What we’re doing in our clinical trial is we are using a PARP inhibitor called talazoparib (Talzenna), and we are not only providing that to patients that have the spark commutation, but we are extending it to patients that may not have that mutation, and the reason for is because, and I definitely don’t want to get crazy technical, but the reason for it in a nutshell, as we know in cancer there is an interaction between PARP inhibition and androgen receptor function and reaction to treatments. And so, you may have heard of androgen and androgen receptor when it comes to prostate cancer, it’s really the fancy way of saying testosterone, and prostate cancer needs testosterone, or it needs androgen and androgen receptor to function and to grow.
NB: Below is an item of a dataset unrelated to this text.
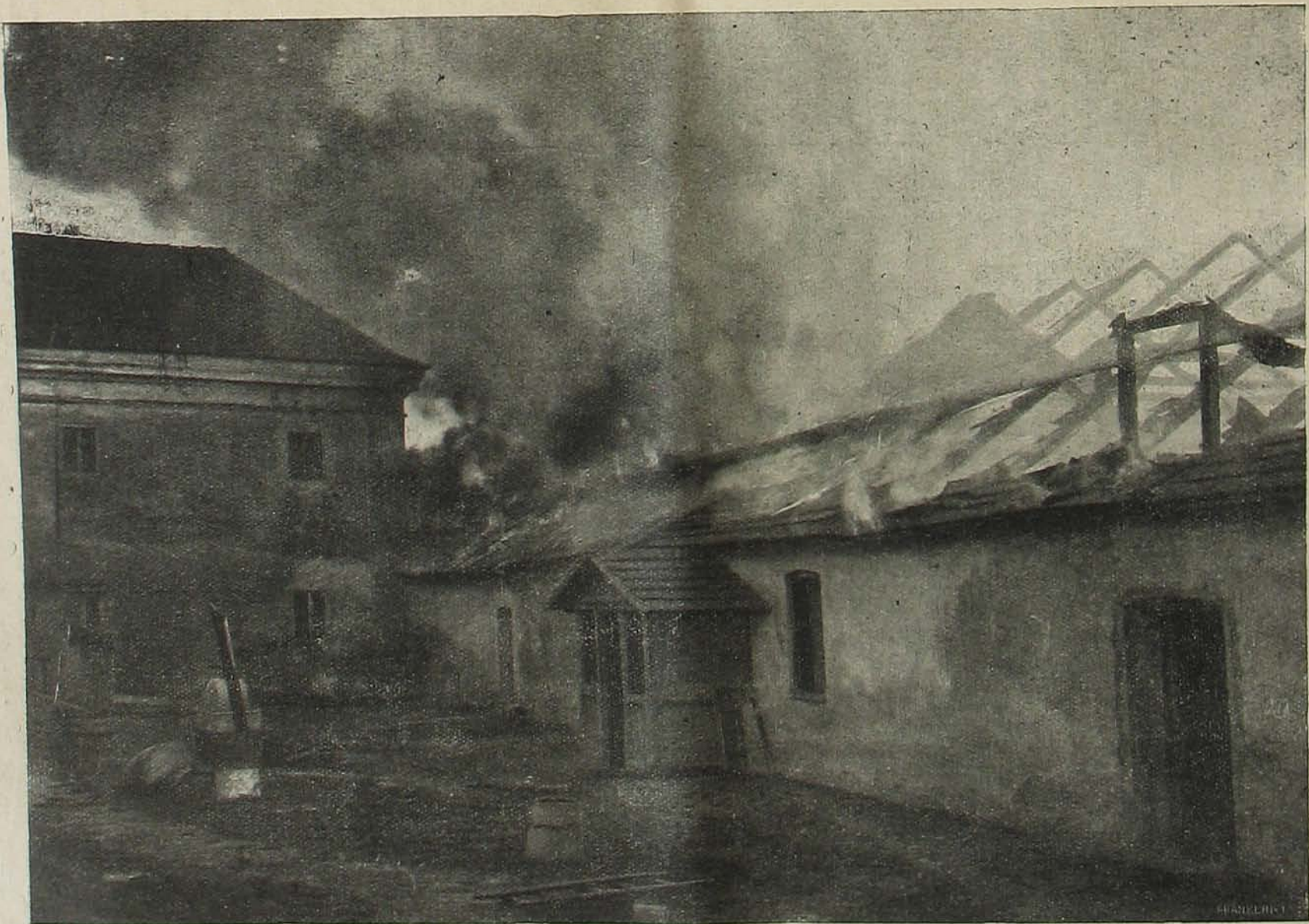
Harcztéri képek. — Kórnok által felgyújtott házak.

And so, what we want to see in this clinical trial is if we target, if we use PARP inhibitors in combination with hormone therapy that’s targeting androgen production androgen receptor, will we see better treatment and better response to the drugs in those patients. And the extra cool part to me is we know that there are variations in DNA segments that affect androgen receptor function in African American men. And so, for a specific mechanism that I won’t dive into, it involves trinucleotide repeats and link, segments links and all this, but because of these variations and androgen receptor in African American men that we know was associated with their ancestry and what they’ve inherited in their own DNA, this drug should work better in African American men. And we will be able to tease that out in this clinical trial. So, it’s an opportunity for African American men who have prostate cancer who have not developed castration resistance yet, but who do have metastatic prostate cancer so, at that point, there is not a cure, right, and so you can go to your physician, and you can get a standard of care therapy, or you may want to consider this clinical trial where you would receive standard care therapy. And then also, as I said before this VIP access to this new drug, this PARP inhibitor that we think may improve outcomes in men.